AI Didn’t Kill Creativity. Confused Roles Did.
The Dinner Party That Fell Apart

Advertising once worked like a well-planned dinner party. The strategist decided the seating plan, the topics of conversation, and when to change the subject. The creative lit the candles, poured the wine, and told the story that made the whole evening worth remembering.
Now the party has collapsed into chaos. The strategist is in the kitchen fiddling with soufflés. The creative is scribbling seating plans on napkins. And the machine, our shiny new sous-chef, has prepared twenty main courses at once, none of which anybody particularly wants to eat.
It looks lively. In truth it is cannibalism. Everyone is trespassing into everyone else’s garden. And when everyone does everything, nobody does anything well.

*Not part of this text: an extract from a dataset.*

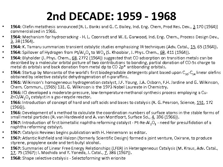 2 nd DECADE: 1959 - 1968 • • • • 1964: Olefin metathesis announced [R. L. Banks and G. C. Bailey, Ind. Eng. Chem, Prod Res. Dev. , 3 170 (1964)] commercialized in 1966. 1964: Mechanism for hydrocracking - H. L. Coonradt and W. E. Garwood, Ind. Eng. Chem. , Process Design Dev. , 3, 38 (1964). 1964: K. Tamaru summarizes transient catalytic studies emphasizing IR techniques (Adv. Catal. , 15, 65 (1964)). 1964: Spillover of Hydrogen from Pt/Al 2 O 3 to WO 3 (S. Khoobiar, J. Phys. Chem. , 68, 411 (1964)). 1964: Blyholder (J. Phys. Chem. , 68, 2772 (1964)) suggested that CO adsorption on transition metals can be described by a molecular orbital picture of two contributions to bonding, partial donation of CO-5 s charge to metal ds orbitals and back donation from metal dp to CO 2 p* antibonding orbitals. 1964: Startup by Monsanto of the world's first biodegradable detergents plant based upon C 10 -C 14 linear olefins obtained by selective catalytic dehydrogenation of n-paraffins. 1965: Wilkinson's homogeneous hydrogenation catalyst, J. F. Young, J. A. Osborn, F. H. Jardine and G. Wilkinson, Chem. Commun. , (1965) 131. G. Wilkinson is the 1973 Nobel Laureate in Chemistry. 1966: ICI developed a moderate-pressure, low-temperature methanol synthesis process employing a Cu. Zn. O/Al 2 O 3 catalyst in a gas-recycle reactor. 1966: Introduction of concept of hard and soft acids and bases to catalysis (R. G. Pearson, Science, 151, 172 (1966)). 1966: Development of a method to calculate the coordination numbers of surface atoms in the stable forms of small metal particles (R. van Hardeveld and A. van Montfoort, Surface Sci. , 4, 396 (1966)). 1967: Introduction of first bimetallic naphtha reforming catalyst - Pt-Re-Al 2 O 3 - need for presulfidation of a naphtha reforming catalyst. 1967: Catalysis Reviews begins publication with H. Heinemann as editor. 1967: Atlantic Richfield and Halcon (formerly Scientific Design) formed a joint venture, Oxirane, to produce styrene, propylene oxide and tert-butyl alcohol. 1967: Summaries of Linear Free Energy Relationships (LFER) in Heterogeneous Catalysis (M. Kraus, Adv. Catal. , 17, 75 (1967); I. Mochida and Y. Yoneda, J. Catal. , 7, 386 (1967)). 1968: Shape selective catalysis - Selectoforming with erionite
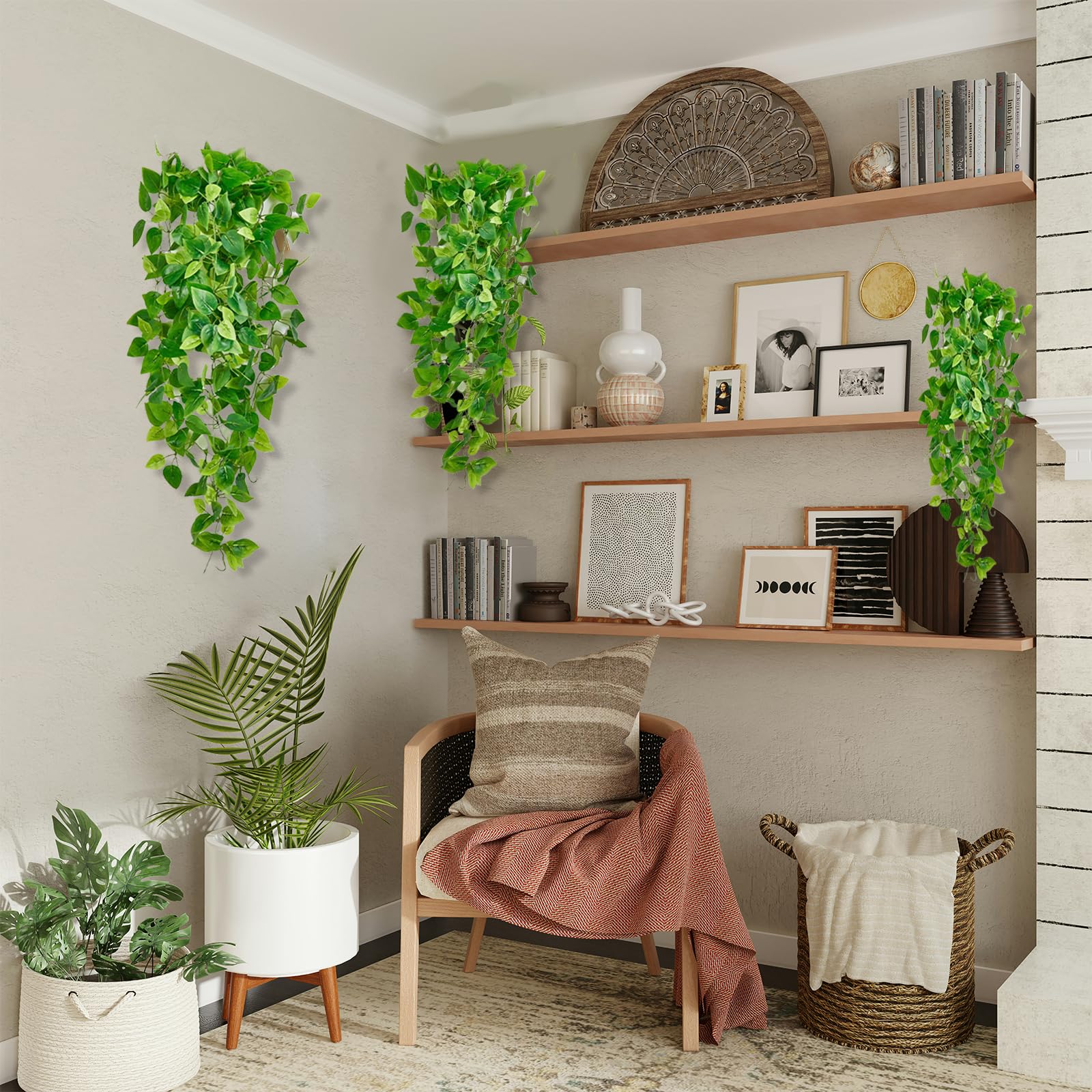 【Quality Assurance】:The leaves of the fake hanging plants are made of high quality fabric with a glue-filtered surface. More vivid than the silk leaves of other brands. The lifelike appearance is more realistic and natural.

The strategist loses the depth of thinking that once made them valuable. The creative loses the craft that once made them indispensable. And the idea, the very heartbeat of advertising, is left without a clear owner.

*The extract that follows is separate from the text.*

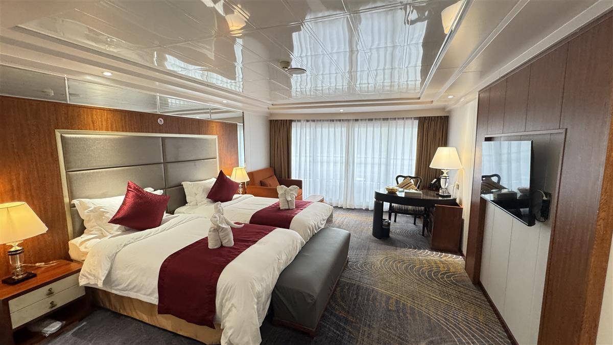 长江贰号豪华游轮长139.05米,宽19.6米,满载452人,外观大气俊朗,被誉为长江游轮中的“美男子”。今年年初,长江贰号豪华游轮进行了服务设施全面升级。全新升级后的长江贰号,拥有190间全阳台观景客房,700余平米的多功能厅、室内恒温恒湿泳池、健身房、康养中心、休闲茶社、酒吧、咖啡吧等。
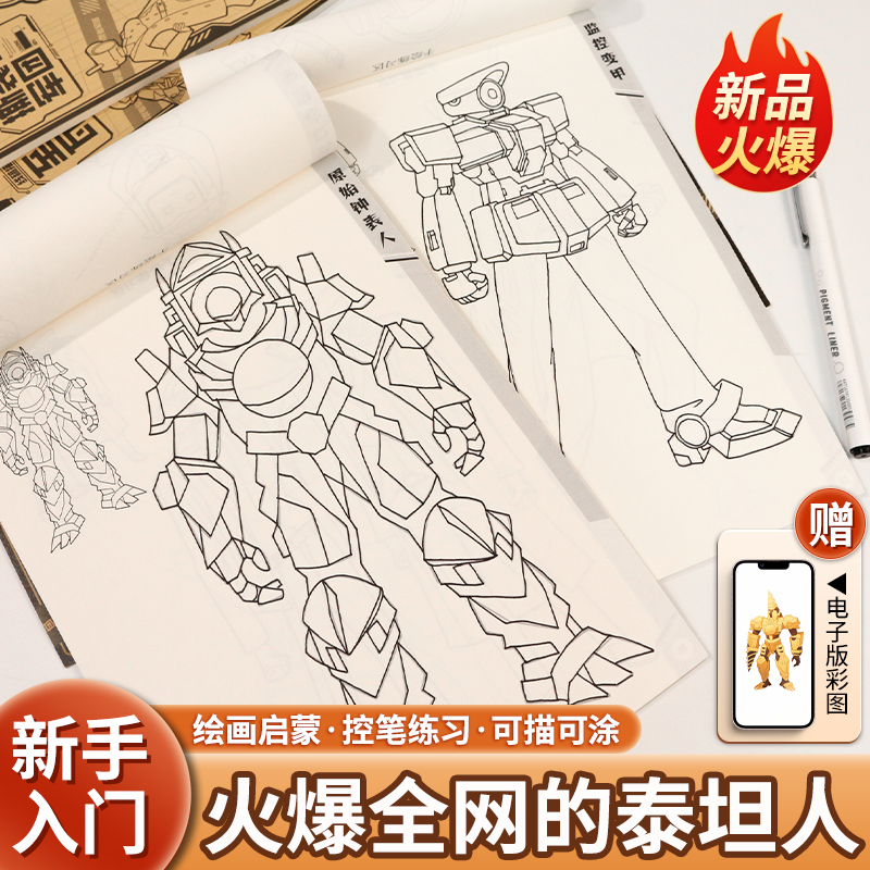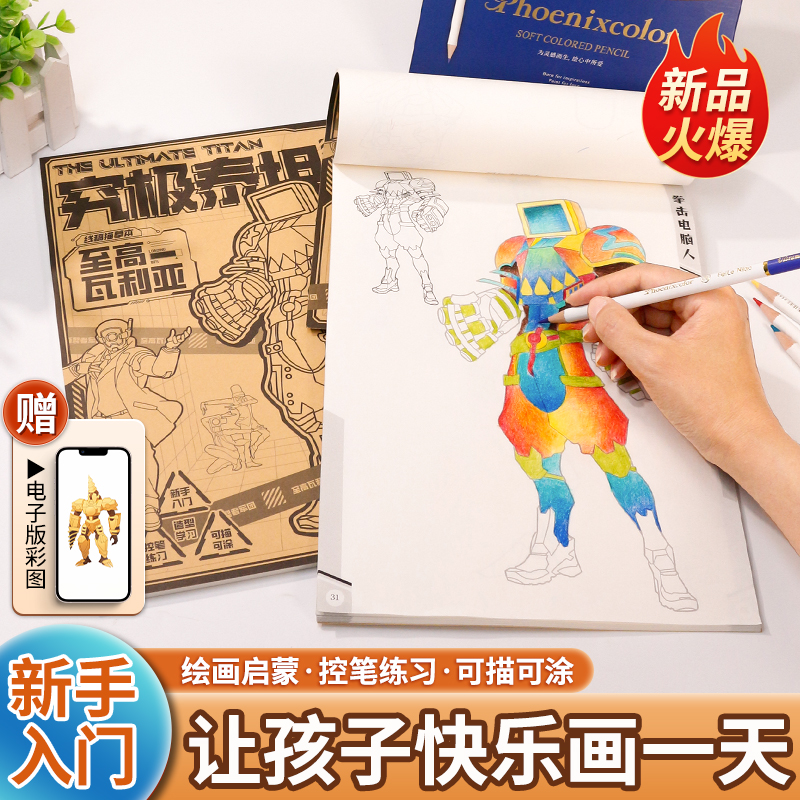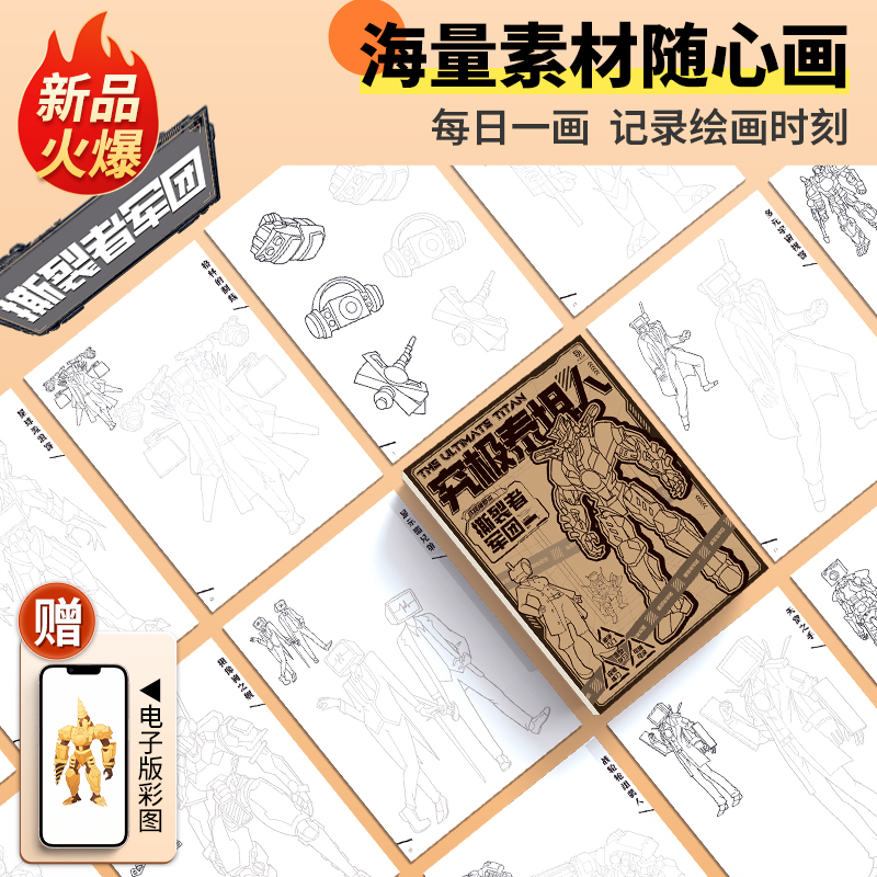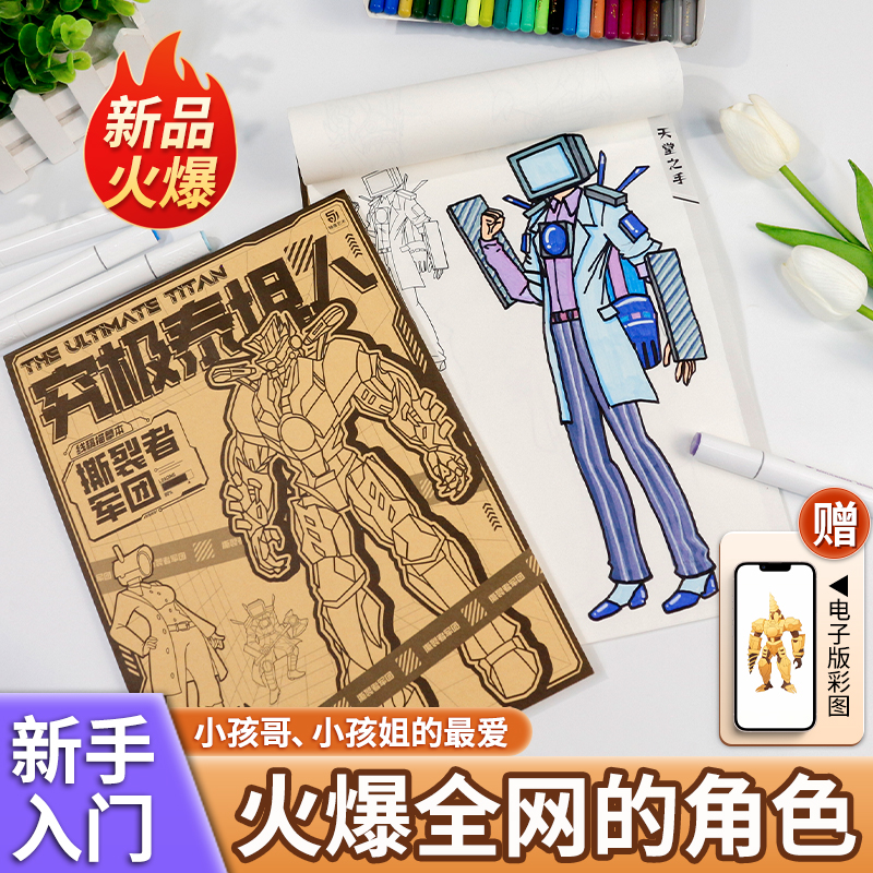 多元 线稿描摹本 宇宙画画描绘本 儿童简笔画绘画启蒙马克笔 图画本涂色本 究极泰坦人 小学生素描本线描画册 撕裂者军团至高瓦利亚

The Result of the Collapse
For Agencies
Agencies now resemble karaoke bars. Everyone is singing, but the tune is borrowed and the lyrics are hollow. The flood of AI-generated mockups dazzles in pitch rooms but collapses in the real world. Timelines do not accelerate because of efficiency but because confusion creates the illusion of speed.
Without role clarity, agencies drift into performance theatre. They produce mountains of content but little of it connects. They mistake volume for value. And as they try to be everything at once, they slowly become nothing in particular.
For Clients
Clients are promised brilliance but delivered decoration. They receive work that looks like advertising but lacks the spine of strategy and the soul of creativity. They are drowned in outputs yet starved of ideas.

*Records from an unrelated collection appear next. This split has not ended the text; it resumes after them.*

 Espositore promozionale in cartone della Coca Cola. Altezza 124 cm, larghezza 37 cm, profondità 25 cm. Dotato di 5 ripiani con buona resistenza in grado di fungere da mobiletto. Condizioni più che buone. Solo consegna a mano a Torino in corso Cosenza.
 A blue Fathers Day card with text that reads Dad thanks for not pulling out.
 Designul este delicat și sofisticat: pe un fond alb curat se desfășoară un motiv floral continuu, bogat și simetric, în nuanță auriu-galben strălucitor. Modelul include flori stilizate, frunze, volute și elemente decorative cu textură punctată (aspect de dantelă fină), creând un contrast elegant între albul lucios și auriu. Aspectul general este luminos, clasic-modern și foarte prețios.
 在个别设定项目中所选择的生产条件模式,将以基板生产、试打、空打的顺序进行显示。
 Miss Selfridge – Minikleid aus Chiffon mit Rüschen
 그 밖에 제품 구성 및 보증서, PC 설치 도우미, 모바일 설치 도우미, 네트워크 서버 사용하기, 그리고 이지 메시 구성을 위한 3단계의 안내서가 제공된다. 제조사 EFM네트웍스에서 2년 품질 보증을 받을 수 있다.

This confusion erodes trust. Clients cannot tell who to hold accountable. Was it the strategist, the creative, or the tool? In the absence of ownership, everything feels disposable. The brand pays the price in irrelevance, sameness, and wasted budgets.
Sooner or later, clients will stop seeing agencies as partners in meaning and memory. They will treat them as suppliers of cheap, forgettable content. Once you become a supplier instead of a partner, the game is already lost.
The Mirage of AI
The industry loves to blame AI. But AI did not kill creativity. It simply handed us a mirror.
AI is not the executioner. It is the accomplice. It exposes our professional insecurities with embarrassing clarity.
Strategists, anxious about irrelevance, spend hours fiddling with Midjourney prompts, writing their own scripts and slogans and call it “ideation.” Creatives, equally anxious, hide behind pseudo-intellectual decks and sprinkle jargon about “cultural tension” like salt on a bland meal. The machine obligingly produces endless outputs. All style, no spine.
The real problem is not the tool but the abdication of responsibility.
We have built an illusion of abundance. Agencies flaunt hundreds of mockups as though volume equals value. Clients nod approvingly, dazzled by the spectacle, only to wonder six months later why nothing shifted in the market. It is like serving twenty desserts while forgetting the main course.
Here lies the paradox. AI makes it easier than ever to generate what something might look like. But it does nothing to answer why it should exist at all. Without the “why,” the “what” is nothing more than decoration.
Once you mistake decoration for strategy, you are no longer an agency. You are a content farm with better lighting.
Who Owns the Idea?
This is the question we dare not ask. Who owns the idea now?
The Strategist
Knows the market, the culture, the numbers. Can explain why something matters. But too often delivers skeletons without flesh.
The Creative
Knows craft, taste, instinct. Can make an idea sing. But without direction risks producing viral fluff shareable, forgettable, meaningless.
The Machine
Generates speed, scale, and surprise. Produces endless options in seconds. But cannot decide meaning. It has no skin in the game.
Today everyone points at everyone else, and the idea becomes orphaned. Nobody claims it, nobody defends it. And if nobody owns the idea, then nobody owns the outcome.
The Missing Role
What agencies need is not blurred roles but sharper ones. Someone must guard the idea. Someone must hold the “why” steady while the “how” evolves. Call them strategist, call them creative, call them lunatic it does not matter. But without a custodian of meaning, the machine will multiply nothing into infinity.
The great irony is that advertising was always about ownership. Someone had to stand in the room and say, “This is the idea. This is what we believe.” Without that moment, there is no risk, no courage, and no chance of resonance.
The danger of AI is not that it replaces us.
The danger is that it tempts us to replace ourselves. We confuse output for ideas, iteration for invention, role-swapping for collaboration.
We tell ourselves that cost-cutting justifies confusion. That speed justifies shallowness. That abundance justifies emptiness.
But every brand is built on memory, meaning, and commitment. And memory, meaning, and commitment do not emerge from machines. They come from people willing to own ideas.
So the question remains. Should we really let this continue just because it cuts costs?